We conclude that, under the facts presented in the order certifying the questions, the no class action provision in the arbitration agreement is not unconscionable under North Dakota law.

I

[¶ 2] Dennis Strand, a resident of Oregon, was issued a credit card by U.S. Bank, National Association ND (“the Bank”). The credit card agreement states that it is governed by North Dakota law. In October 2001, the agreement between the parties was amended, including addition of a new provision for arbitration of disputes arising from the credit card agreement. That provision states, in pertinent part:

By requesting an Account from us and accepting this Agreement, you agree that if a dispute of any kind arises out of this Agreement, either you or we can choose to have that dispute resolved by binding arbitration. If arbitration is chosen by any party, neither you nor we will have the right to litigate that claim in court or to have a jury trial on that claim, or to engage in pre-arbitration discovery, except as provided for in the arbitration rules.

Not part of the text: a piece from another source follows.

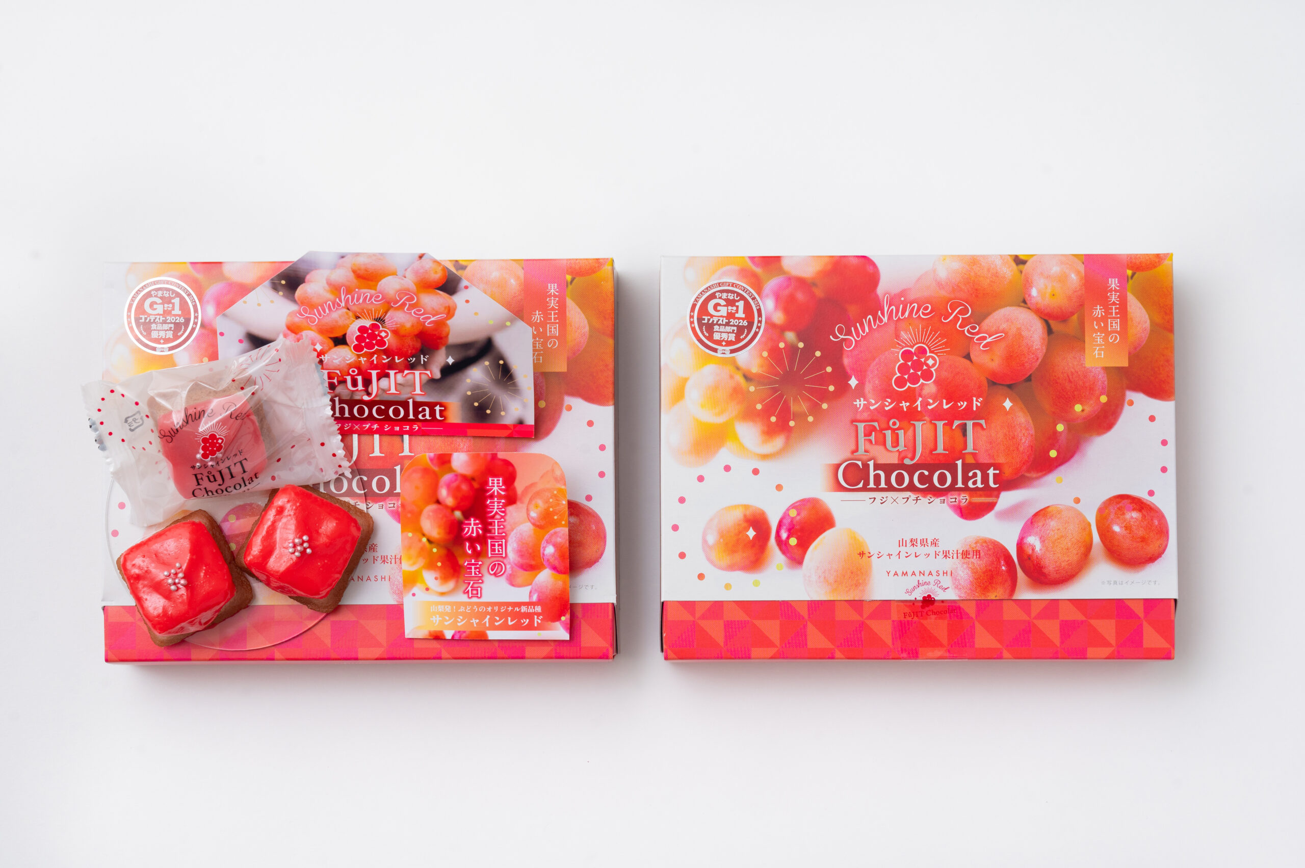 サンシャインレッド果汁を練り込んだキューブ型のしっとりケーキに、鮮やかなサンシャインレッド色のチョコをかけ、見た目は富士山をモチーフにデザイン。その上にトッピングしたアラザンは「赤い宝石」と称されるサンシャインレッドの煌めきをイメージし、ぶどうの果粉(ブルーム)や富士の雪をも表現しています。また一口食べると広がる華やかな香りを地元の調香師「INNER FLARE」に監修。つまり「サンシャインレッドFùJITショコラ」は、山梨のシンボル「富士山」と、次代を担う「サンシャインレッド」を小さなスイーツに込めた、新しいギフトのかたちなのです。

In addition, you will not have the right to participate as a representative or member of any class of, claimants pertaining to any claim subject to arbitration....
Any claim, dispute or controversy (whether in contract, regulatory, tort, or otherwise,'whether pre-existing, present or future and including constitutional, statutory, common law, intentional tort and equitable claims) arising from or relating to (a) the credit offered or provided to you, (b) the actions of you, us or third parties or (c) the validity of this arbitration provision (individually and collectively, “Claim”) must, after an election by you or us, be resolved by binding arbitration in accordance with this arbi *921 tration provision and the Commercial Arbitration Rules of the American Arbitration Association (“AAA”) in effect when the Claim is filed.... There shall be no authority for any Claims to be arbitrated on a class action basis. An arbitration can only decide our or your Claim and may not consolidate or join the claims of other persons who may have similar claims.... This arbitration provision shall be governed by the Federal Arbitration Act, 9 U.S.C. §§ 1 through 16.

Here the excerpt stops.